YOUR GOAL: After locating "Es fácil imprimir", return its line and all lines that follow through the end of the listing below, exactly; leave out pictures.

RECORDED DATA:

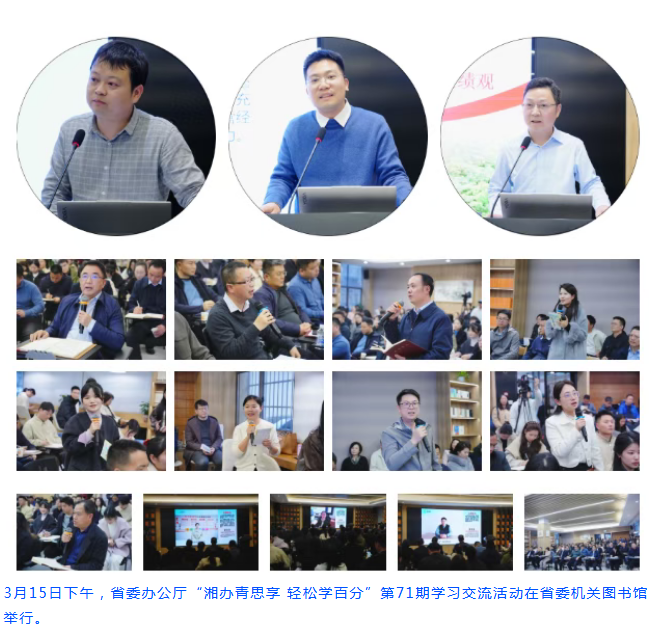 在“湘办青思享 轻松学百分”第71期学习交流活动现场,3名青年围绕基层治理、民营经济、乡村振兴等民生息息相关的主题,结合工作实际和自身经历展开交流讨论。
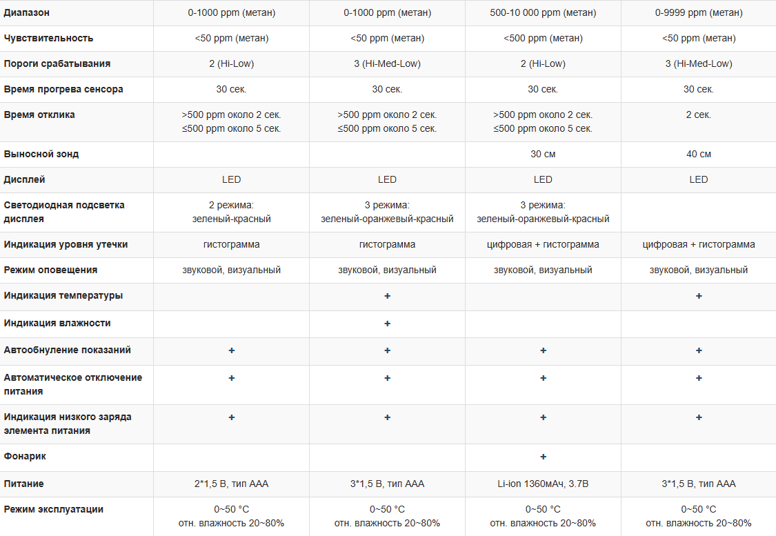 | Время отклика | >500 ppm около 2 сек. ≤500 ppm около 5 сек. |
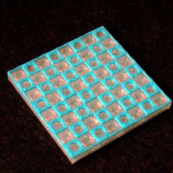 Es fácil imprimir un color sobre un Replicator 2 pausar impresión media y cambiar a otro color. En el caso de este tablero de ajedrez, imprimí unos 17 minutos y entonces tan pronto como empezó a imprimir las plazas elevadas presiona la flecha izquierda del menú y haga clic en cambio de filamento. Esto elimina la cabeza del estirador de la impresión y permite cambiar color filiment.
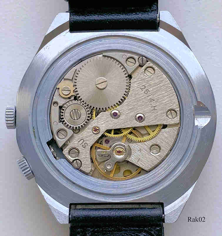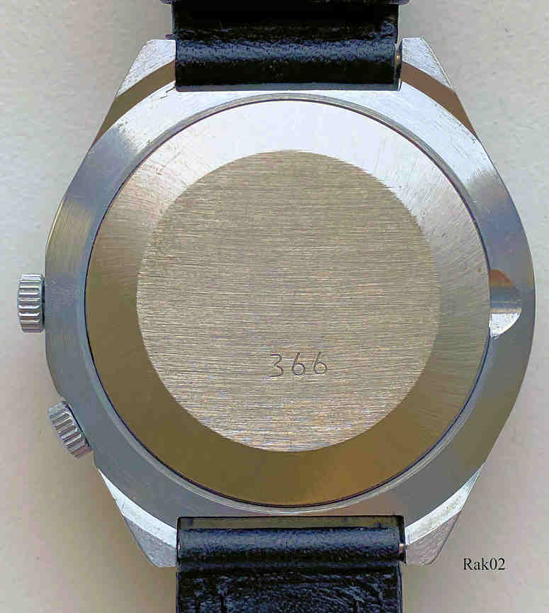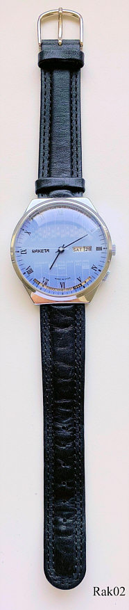 Dies ist eine Raketa Kalenderuhr, Caliber 2614. Beschriftung vorn: ”Raketa, Made in USSR”, Rückseite: ”366”, Bei der “6” ist die Jahreszahl auf den entsprechenden Monat einzustellen, entsprechend zeigt dann bei der “12” der Wochentag auf das jeweilige Datum. Edelstahl Gehäuse, gedrückter Boden, schwarzes Lederarmband.

RESULT FOR THIS TASK:
 Es fácil imprimir un color sobre un Replicator 2 pausar impresión media y cambiar a otro color. En el caso de este tablero de ajedrez, imprimí unos 17 minutos y entonces tan pronto como empezó a imprimir las plazas elevadas presiona la flecha izquierda del menú y haga clic en cambio de filamento. Esto elimina la cabeza del estirador de la impresión y permite cambiar color filiment.
 Dies ist eine Raketa Kalenderuhr, Caliber 2614. Beschriftung vorn: ”Raketa, Made in USSR”, Rückseite: ”366”, Bei der “6” ist die Jahreszahl auf den entsprechenden Monat einzustellen, entsprechend zeigt dann bei der “12” der Wochentag auf das jeweilige Datum. Edelstahl Gehäuse, gedrückter Boden, schwarzes Lederarmband.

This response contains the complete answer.